The glaciers were first seen by German geographer Hans Meyer, when he completed the first successful ascent of the mountain in 1889. Subsequent expeditions were carried out by various European explorers in the following years, but detailed analysis was not completed until 1898, when Meyer returned to spend the northern-hemisphere summer there. By the end of that exercise, carried out with German artist Ernst Platz and with the assistance of local Africans, Meyer had mapped 12 distinct glaciers. This included the Drygalski, the central glacier of three in the Northern Ice Field. Meyer and Platz left their camp on the northern side of the mountain, circled Kilimanjaro below the snow line, and then ascended up the western side of Kibo Crater. They established a further camp in a cave named Galuma and from there, Meyer proceeded up alone on 30 August, sleeping in a bivouac at 14290 ft altitude. There, he became the first person to encounter the Drygalski Glacier. He named it after Erich von Drygalski, a fellow German who had explored many of Greenland's ice sheets.

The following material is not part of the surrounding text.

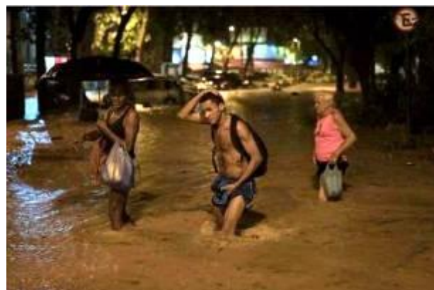
Figura 5. Inundaciones en vecindario de Gavea. Sábado, 12 de marzo, 2016. Rio de Janeiro. Brasil.

De acuerdo a la regularidad de la problemática identificada, y en función de la densidad poblacional, las condiciones del medio natural, construido y social, y las variables y atributos estudiados, se reconoció que los planes de ordenamiento urbano demandan mayores esfuerzos para adaptar sus estructuras físico-espaciales y socio políticas para robustecerlos desde un enfoque de la resiliencia en sus contextos urbanos. Estos deben perfilarse desde los límites y capacidades permisibles de sus recursos y poblaciones involucradas para concebir un ordenamiento urbano equilibrado ante los riesgos por intensas lluvias que producen inundaciones en ambas ciudades.

Beginning in 1912, detailed maps of the Kilimanjaro ice sheets began to be produced, with releases in 1912 and 1953 based on photogrammetry and satellite images in 1976 and 1989. Further aerial maps were produced in 2000 and later years. These maps showed that the ice sheets on the mountain were declining steadily over this period, by 1% per year in the early stages and by 2.5% from 1953 to 2007. By 2016, with climate change continuing globally, the area of ice had reduced from 20 sqkm in 1880 to 1.7 sqkm, with the lowest extent of the ice sheet at 5800 m compared with 5200 m in 1880. The Drygalski Glacier in particular had almost entirely disappeared at this point and, by November 2021, measured only 0.41 km2. By 2022, it was reported by tour operators that the Drygalski Glacier, along with the Arrow Glacier, had disappeared entirely.